(Task prompt) Leave out the pictures and output the data verbatim.

(Data extract)
- Opening Delimiter -

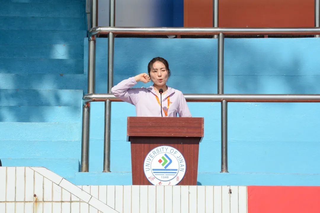 在介绍完出席的领导、嘉宾后,全体肃立,激昂的国歌奏响。那声音回荡在操场的每一个角落,也激荡在每个人的心中。紧接着,学校党委书记刘春华宣布太阳成集团tyc33455cc2025年田径运动会暨第五届体育文化艺术节开幕。校长刘宗明致开幕词。勉励各参赛成员,在赛场秉持高尚品德,于竞技中追求卓越成绩。
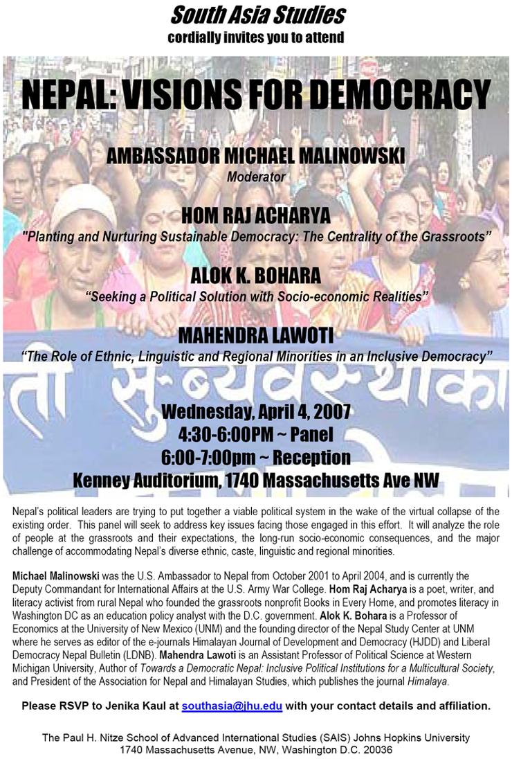 Invitation to a workshop in Columbia University this Friday. --------------------------------------------------- SIPA, Columbia University Invites you to a Workshop: “Constituent Assembly, Constitutional Process and the Building of a Democratic State in Nepal†Hosted by Prof. Jenik Radon Date: Friday, April 13, 2007 Time: 1:30 – 6:30 pm Venue: Columbia University Law School 435 West 116th Street at Amsterdam Ave, New York, NY 10027 Room JG-101 Exactly one year after the signing of the 12 point agreement reached between the Maoists and the Seven Party Alliance the two sides signed a comprehensive peace agreement on November 16, 2006. The events that led to this accord were launched by the people’s movement in April 2006 and are truly historic. With the signing of the agreement, the cease fire became permanent and finally the UN assisted with the arms management - two key issues that leveled the ground for implementing the peace agreement and for the peaceful construction of a stable democracy in Nepal. Another key issue was the passing of the Nepal Citizenship Act 2006, whereby all those born in Nepal before the second week of April 1990 are to be given citizenship under certain conditions. This would help thousands of formerly stateless people to exercise their rights and to fulfill their obligations as citizens of Nepal. However, there are many challenges the Nepalese people have to tackle before and also after the elections to the Constituent Assembly officially still set for June 2007. With an interim parliament and an interim constitution in place, the country is still facing serious questions as to how to provide for inclusion and equal representation of all ethnic and other groups, clarify the separation of powers, and many more issues. In order to discuss and find solutions for some of these challenges we cordially invite you to join us for the first of a series of workshops entitled “Constituent Assembly, Constitutional Process and the Building of a Democratic State in Nepalâ€. Our goal is to analyze some of these questions, how they impact the Nepalese people and to draft working papers on these issues so as to contribute to the democracy process in Nepal. As we are aiming for a concentrated and result-oriented working seminar, we encourage people truly committed to the cause of the democracy process in Nepal to sign up for this workshop. Since there will be a limited number of seats, please RSVP to Jasmine Henz (jh2698@columbia.edu) and for questions, please contact Prof. Jenik Radon (jr2218@columbia.edu) or Jasmine Henz (jh2698@columbia.edu). -------------------------------------------------
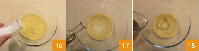 Mientras tanto, prepara el cuscús: en el bol con el cuscús añade una pizca de sal 16, el aceite 17 y el caldo de verduras caliente para cubrir 18.

- Closing Delimiter -

(Response area)
 在介绍完出席的领导、嘉宾后,全体肃立,激昂的国歌奏响。那声音回荡在操场的每一个角落,也激荡在每个人的心中。紧接着,学校党委书记刘春华宣布太阳成集团tyc33455cc2025年田径运动会暨第五届体育文化艺术节开幕。校长刘宗明致开幕词。勉励各参赛成员,在赛场秉持高尚品德,于竞技中追求卓越成绩。
 Invitation to a workshop in Columbia University this Friday. --------------------------------------------------- SIPA, Columbia University Invites you to a Workshop: “Constituent Assembly, Constitutional Process and the Building of a Democratic State in Nepal†Hosted by Prof. Jenik Radon Date: Friday, April 13, 2007 Time: 1:30 – 6:30 pm Venue: Columbia University Law School 435 West 116th Street at Amsterdam Ave, New York, NY 10027 Room JG-101 Exactly one year after the signing of the 12 point agreement reached between the Maoists and the Seven Party Alliance the two sides signed a comprehensive peace agreement on November 16, 2006. The events that led to this accord were launched by the people’s movement in April 2006 and are truly historic. With the signing of the agreement, the cease fire became permanent and finally the UN assisted with the arms management - two key issues that leveled the ground for implementing the peace agreement and for the peaceful construction of a stable democracy in Nepal. Another key issue was the passing of the Nepal Citizenship Act 2006, whereby all those born in Nepal before the second week of April 1990 are to be given citizenship under certain conditions. This would help thousands of formerly stateless people to exercise their rights and to fulfill their obligations as citizens of Nepal. However, there are many challenges the Nepalese people have to tackle before and also after the elections to the Constituent Assembly officially still set for June 2007. With an interim parliament and an interim constitution in place, the country is still facing serious questions as to how to provide for inclusion and equal representation of all ethnic and other groups, clarify the separation of powers, and many more issues. In order to discuss and find solutions for some of these challenges we cordially invite you to join us for the first of a series of workshops entitled “Constituent Assembly, Constitutional Process and the Building of a Democratic State in Nepalâ€. Our goal is to analyze some of these questions, how they impact the Nepalese people and to draft working papers on these issues so as to contribute to the democracy process in Nepal. As we are aiming for a concentrated and result-oriented working seminar, we encourage people truly committed to the cause of the democracy process in Nepal to sign up for this workshop. Since there will be a limited number of seats, please RSVP to Jasmine Henz (jh2698@columbia.edu) and for questions, please contact Prof. Jenik Radon (jr2218@columbia.edu) or Jasmine Henz (jh2698@columbia.edu). -------------------------------------------------
 Mientras tanto, prepara el cuscús: en el bol con el cuscús añade una pizca de sal 16, el aceite 17 y el caldo de verduras caliente para cubrir 18.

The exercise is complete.